Assignment:
The whole listing below should be printed again exactly, with no images.

Dataset excerpt:
---------------

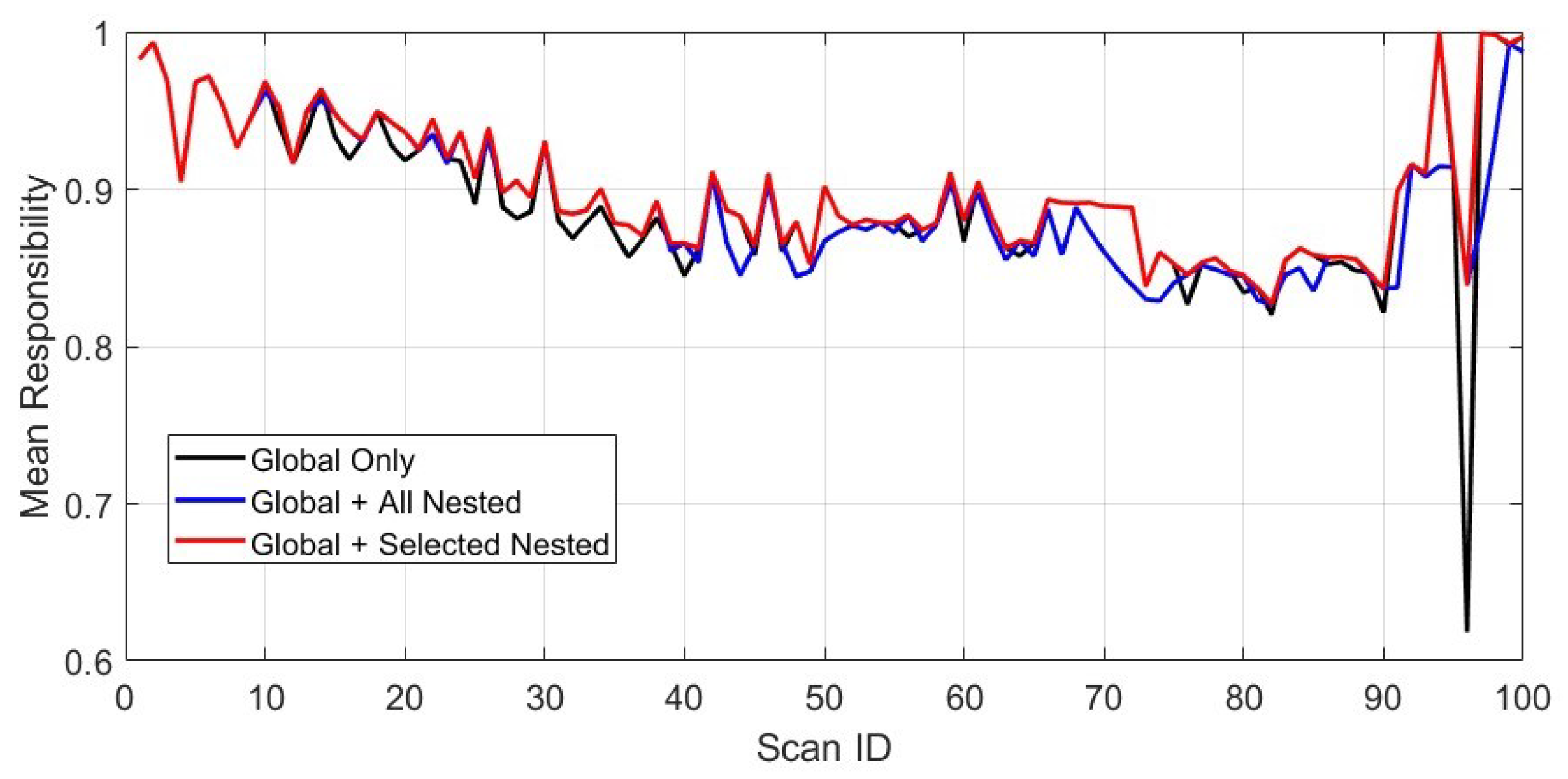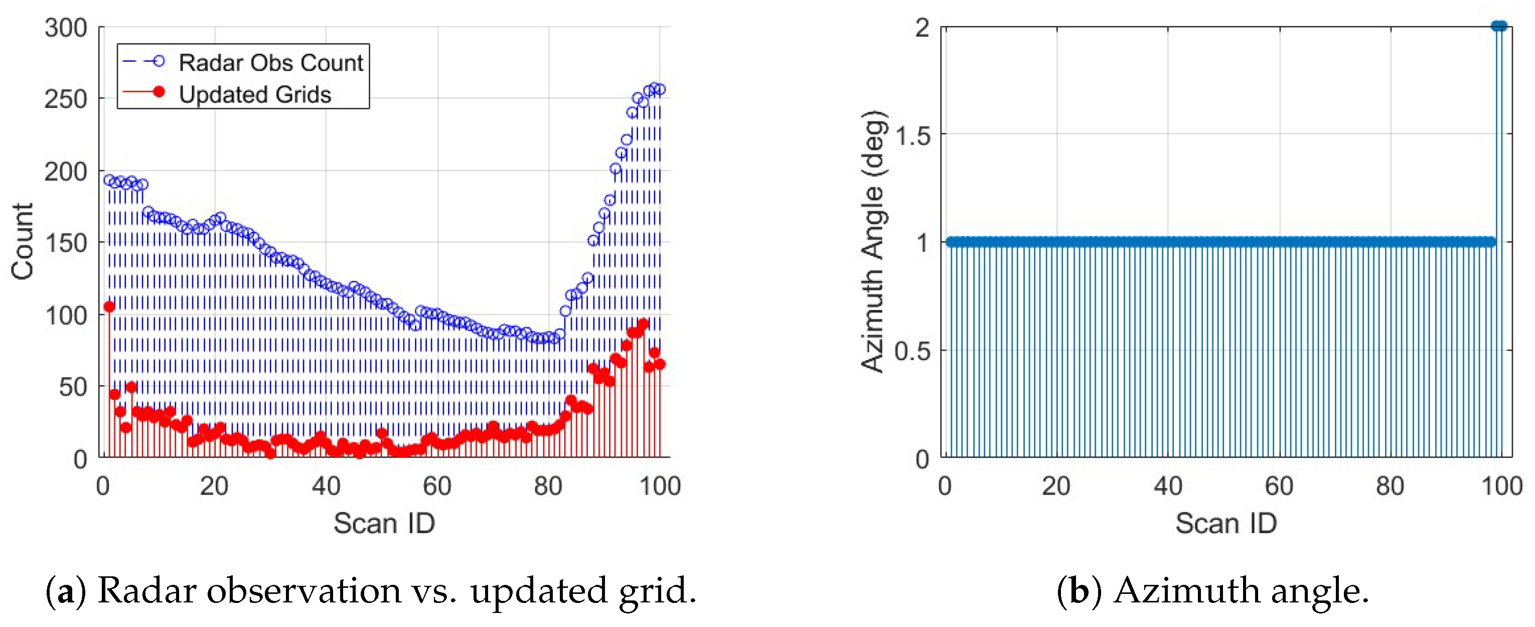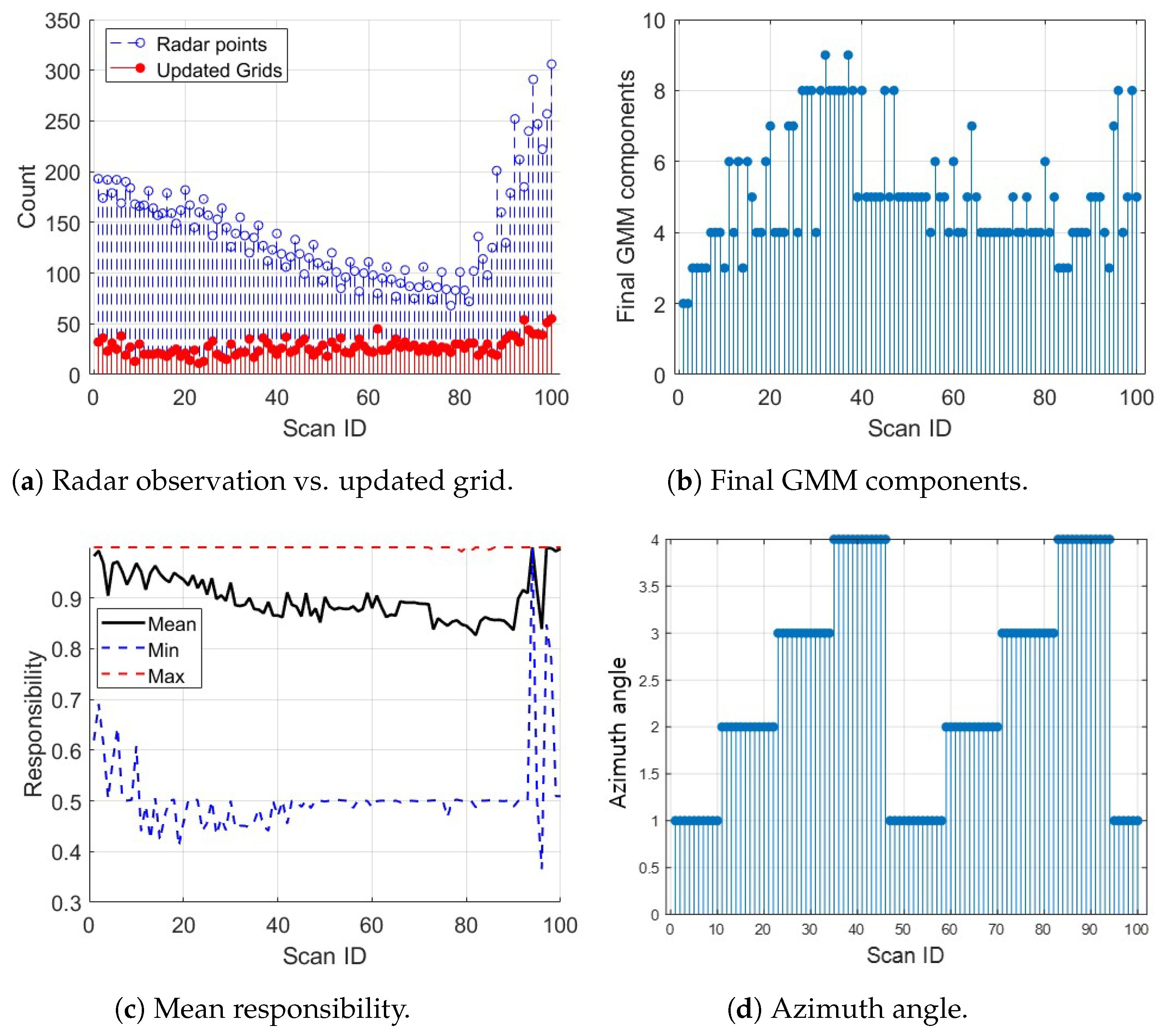 23], supporting compact probabilistic representations. However, in most existing approaches, posterior responsibility is often treated as a clustering metric or as a weighting factor in data fusion. In contrast, the proposed method uses posterior responsibility to control both grid updates and azimuth scan commands in a feedback loop.
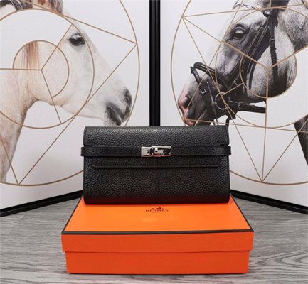 Her.mes Kelly Classic Wallet Calfskin Black Color Silver tone Metal
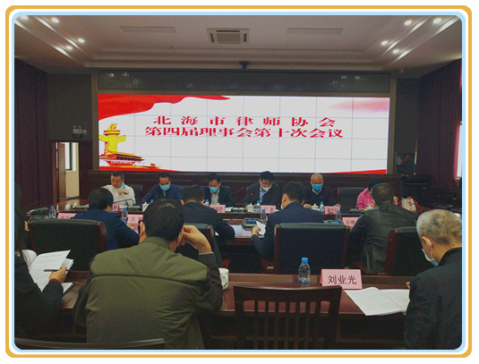 4月26日上午,乐发vll500第四届理事会第十次会议在北海市司法局召开,北海市司法局副局长、市律师行业党委书记杨炳贵,市律师协会会长王彪等15名理事及秘书长张庆清参加了此次理事会。会议由市律师协会会长王彪主持。

---------------

Result below:
 23], supporting compact probabilistic representations. However, in most existing approaches, posterior responsibility is often treated as a clustering metric or as a weighting factor in data fusion. In contrast, the proposed method uses posterior responsibility to control both grid updates and azimuth scan commands in a feedback loop.
 Her.mes Kelly Classic Wallet Calfskin Black Color Silver tone Metal
 4月26日上午,乐发vll500第四届理事会第十次会议在北海市司法局召开,北海市司法局副局长、市律师行业党委书记杨炳贵,市律师协会会长王彪等15名理事及秘书长张庆清参加了此次理事会。会议由市律师协会会长王彪主持。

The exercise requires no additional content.